She also has those big eyes, big Betty Davis eyes, you know.
And she says a lot with them.
And, you know, she nailed.
the audition, you know, because I flew to London with West
to audition her, and she was the top contender.
And I do remember that, you know, we were doing a scene
and then we finished and I locked eyes with her.
And she locked eyes with me and she didn't blink.
And then we went on.
And then I remember telling Wes, you know,
I think that's exactly what Zaja needs.
You know, he needs that.
And I think that's what he would.
recognize in his daughter that she would be strong enough to be the one that would carry the
torch of the family fortune, whatever.
And that strength was extremely prepared, never complained.

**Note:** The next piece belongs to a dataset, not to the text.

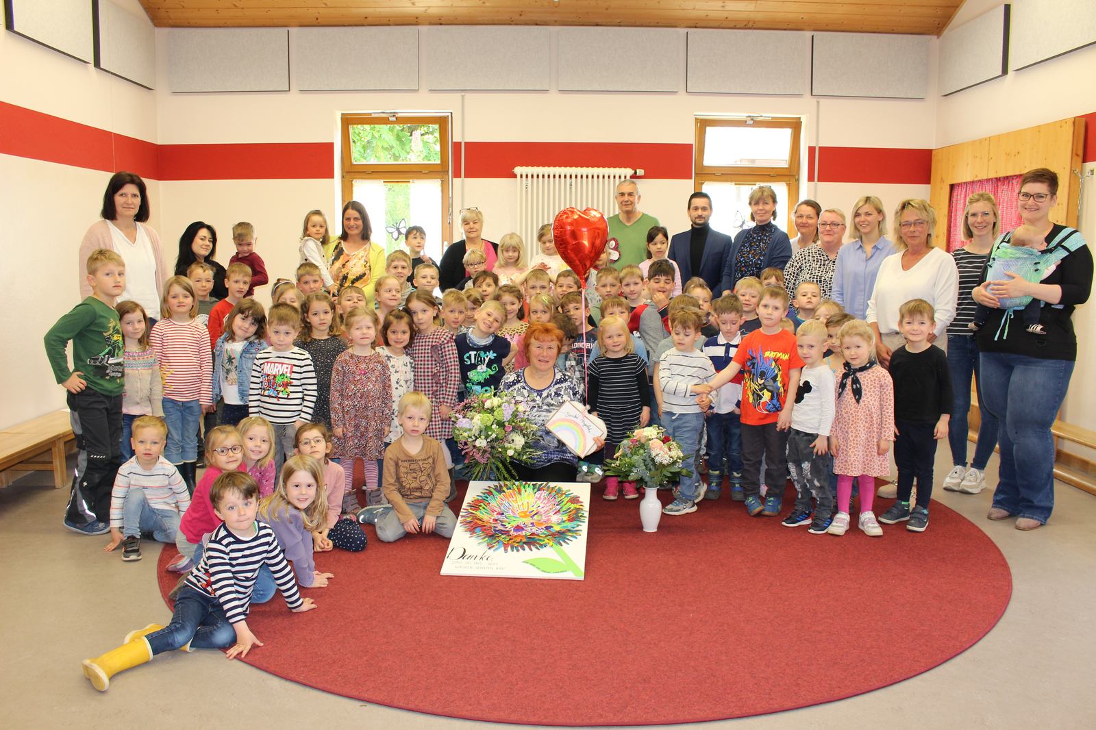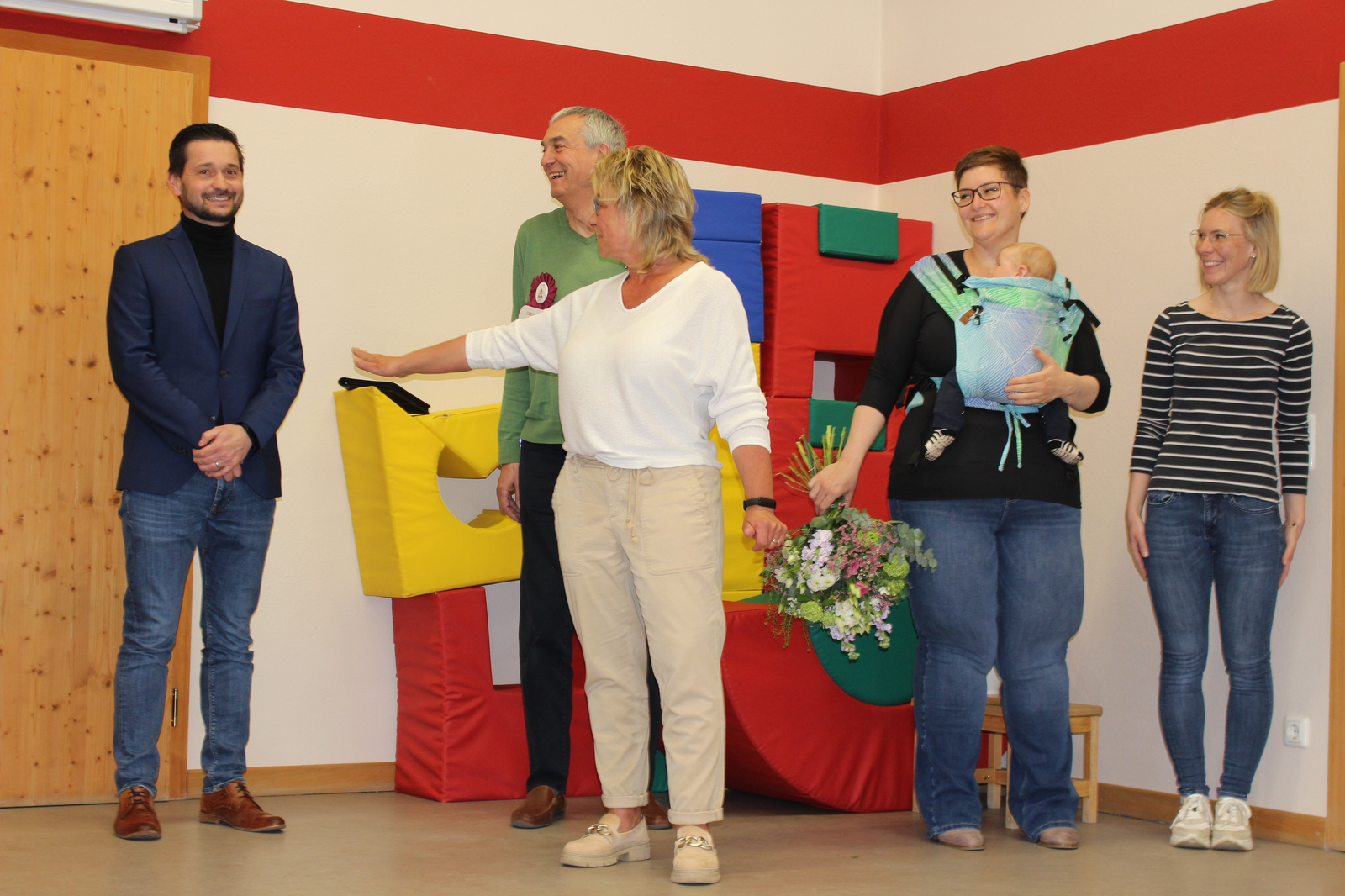 Im Bild oben Angelika Zinner in der Mitte. Ganz rechts die beiden Elternbeirätinnen Cornelia Amberg und Corina Marré, daneben Kindergartenleiterin Birgit Firth. Mittig oben Hauptamtsleiter Andreas Müller, links neben ihm Personalleiter und Fridolins Nachbar, Franz Piendl.

We had long hours, you know.
Yeah, she's a talent.
She's really good.
Right future ahead.
And the entire cast, I mean, you mentioned Benedict Cumberbatch and Michael, Sarah.
Yeah.
Scarlett Johansson is in it.
I don't want to give away too much
because some of them are just such beautiful Easter eggs.
I'm just going to say Hanks and Cranston
and a basketball game.
I'm just going to, I'll leave it there.
People have to watch to know.
But how fun to play with that group of actors.
Oh, yeah.
I mean, I'm a fan.
You know, I think that as I became an actor,
I started, my first, I was a fan before I became an actor.
So working with Tom Hanks and,
And, you know, Brian Cranston right there, you know, Tom Hanks is like legend, you know.
Jimmy Stewart of our generation, of our, you know, of our times, you know, it's like, yeah, legend, you know.
So it was really nice to see him.
And also very nice to see how generous, you know, these actors are.
Right.
You know, Brian Cranston as well, you know, just generous and willing to be there and help you out to be the best you can be.
says a lot about West too
I guess that they're willing to
actors of that caliber just drop in for a couple of days
right and some of them
drop in for just a cameo that doesn't even say anything
I mean if Marie Abrams is sitting right there
you know
Bill Murray
Bill Murray I mean come on
it doesn't get better than that
I have a funny story about Bill Murray
so he plays God in the film
you've seen it and there's these dream
sequences and so he shows
up, I've never, I thought I've seen it all, but I've never seen an actor walk in with his own soundtrack.
Oh.
He walks in with a boombox, but Bluetooth nowadays, cranking, I think it was Eric Clapton.
And he walks on the set with that hairdo.
And he's just saying hello to people.
And I'm going, wow, I thought I saw everything, but I've never seen this.
And he's cranking it.
And from the corner of the set, Wes yells, Bill! Bill!
Classical music only! Classical music only!
Bill goes like this, and it goes into Beethoven or Bartok or whatever.
I just sat there.
It was really like...
That's incredible.
It's one of those things that you go just go like, okay, I'll never forget that.
Right, and that's Bill Murray, so he gets, he can pull that off.
Yeah.
And for a visual for people watching, he's...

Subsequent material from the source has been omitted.